Ohio Democratic candidate Tim Ryan, a white Rust Belt pro-union guy, might have peaked in popularity this campaign cycle when he called his GOP rival, erstwhile Trump critic J.D. Vance, an “ass-kisser” for sucking up to the ex-president despite previously referring to him as “America’s Hitler.” Vance in response argued that it was Ryan who was the real ass-kisser, if you looked at how often he voted with Nancy Pelosi in the House. Ohio has become solidly red in the past decade, and many believe that Ryan’s more traditional appeal, and his attacks on Vance’s authenticity and mettle, are a big reason why it’s competitive at all. Despite being miles apart on what their terms in the Senate would mean for Ohio and America, the race is another toss-up.

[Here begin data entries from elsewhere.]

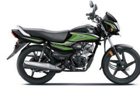
ग्रीन के साथ ब्लैक
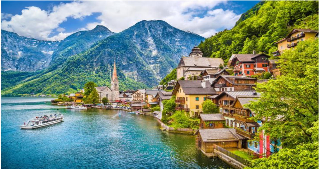
กลางวัน รับประทานอาหารกลางวัน ณ ภัตตาคารพื้นเมือง (ปลาจากทะเลสาบฮัลสตัดท์)
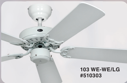
103 WE-WE/LG #510303
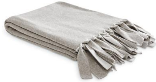
col. 20 cookie dough

dekorativer Anknüpfungspunkt | decorative connecting point
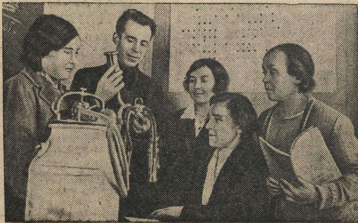
Доярки совхоза изучают приборы механической дойки коров.

Совхоз „Непечино“ (Коломенский район, Московская область) в 1940 году получил в среднем на фуражную корову по 4500 литров молока. За отличную работу ему вручено переходящее Красное знамя Наркомсовхозов РСФСР и ЦИ союза совхозов. Совхоз выдвигает кандидатом на ВСХВ 1941 года.
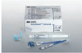
Scotchbond™ Universal Adhäsiv Intro Pack L-Pop
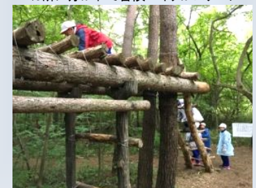
チェックポイント2「レンジャー」は見た目より怖い丸太渡りでした…
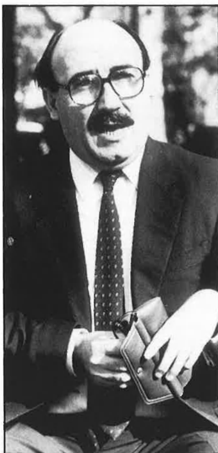
«La meua decisió és encertada».
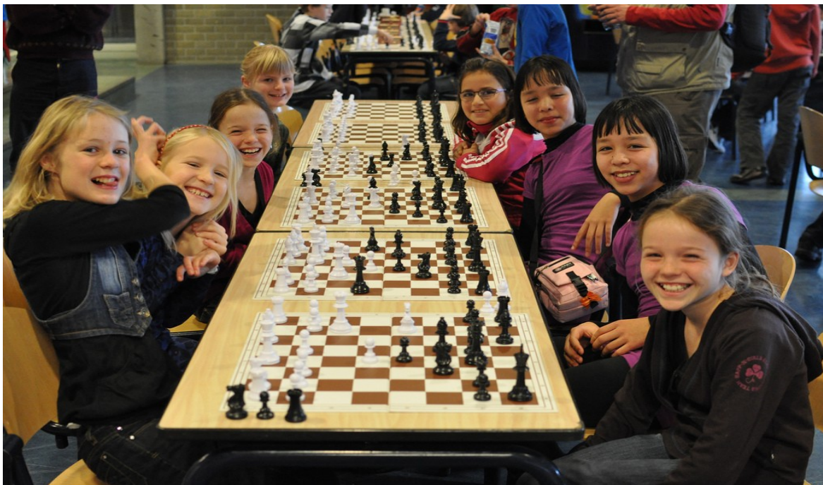
En schaken is dus niet alleen voor jongens!
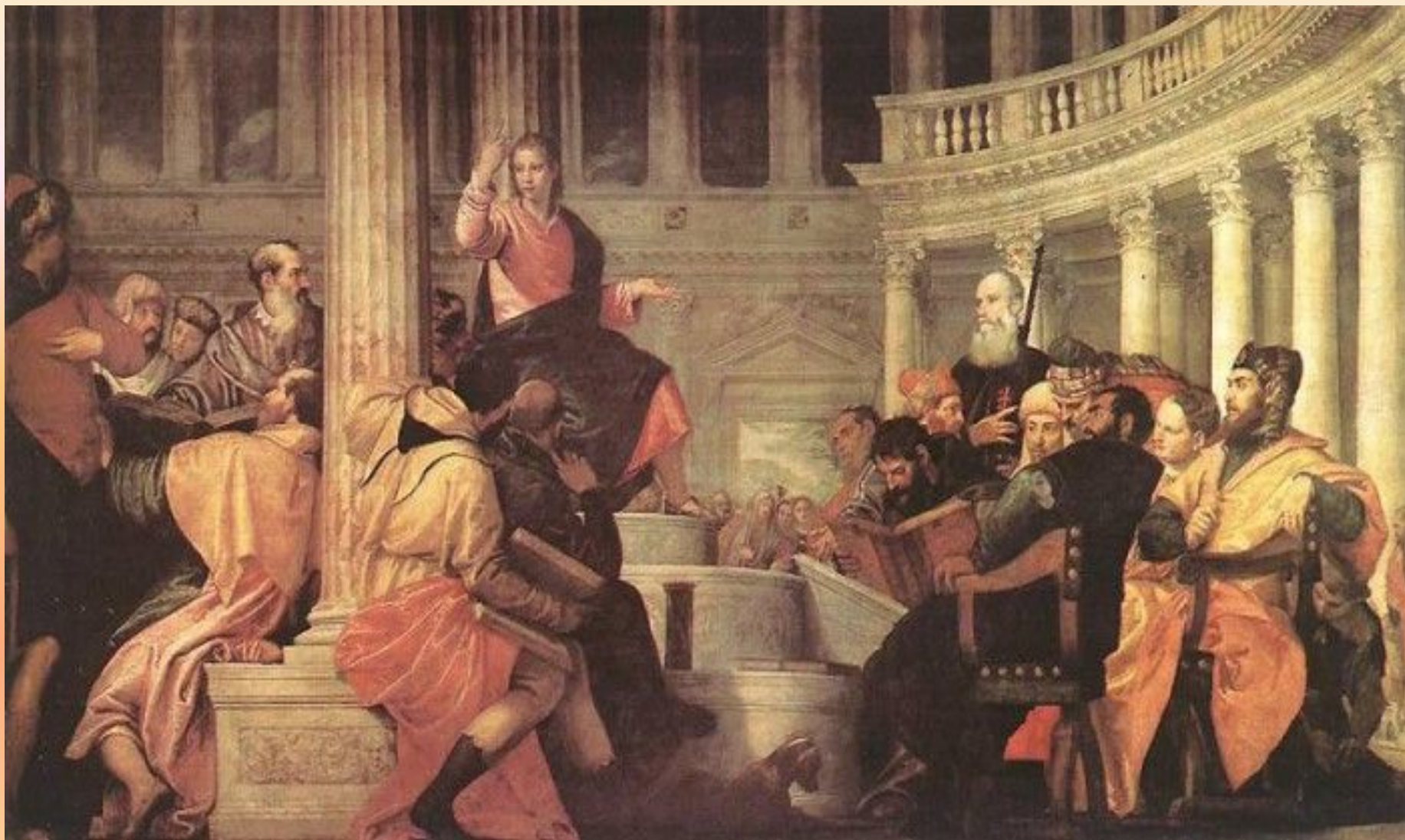
Веронезе. Христос среди учителей

Even when the candidates are women, the question of who’s more macho can have an impact. There’s a similar contrast as the Vance-Ryan one being drawn in the Arizona governor’s race, where Democrat Katie Hobbs has been attacked by her rival Republican Kari Lake as “too timid” to debate her. Indeed, Hobbs has refused to do so. Prominent local observers have agreed that Hobbs is scared because Lake, a longtime local TV anchor who is very comfortable on camera and on the attack, would eat Hobbs alive. In a crucial swing state that Biden won, Lake is an extreme election denier, while Hobbs is a moderate and seemingly sane if boring and ineloquent person serving as Arizona’s secretary of state. But it’s Lake who’s slightly favored to win—in no small part because she seems to be the dominant, attacking personality in the race, while Hobbs constantly plays defense. Or look to Alaska’s House race, where former governor and vice presidential candidate Sarah Palin has struggled against her opponent Mary Peltola in part due to Palin’s reputation as a fame-hunting wannabe celebrity, while Peltola has earned credibility and popularity for being passionately “pro-fish,” and posting images of herself hauling salmon into a boat in a pair of waterproof fishing pants on her campaign website. In Alaska, a real man fishes; he doesn’t helicopter down to the lower-48 to appear in a furry bear costume on The Masked Singer.
Granted, this is all a bit reductive. Voters do care about issues, and vote about things far beyond machismo, including along some lines that are anti-machismo when they align with their values (see: bodily autonomy). But with the survival of democracy and our environment; and the fundamental rights of women, transgender people, and people of color on the ballot, just for starters, it’s depressing that so many of these races look like they might boil down to who looks tough and who looks weak—which candidates look like a Real Man, and which look like a Little Bitch. Then again, I suppose it’s called “toxic” masculinity for a reason: Once these ideas get inside you, they can be awfully difficult to extract.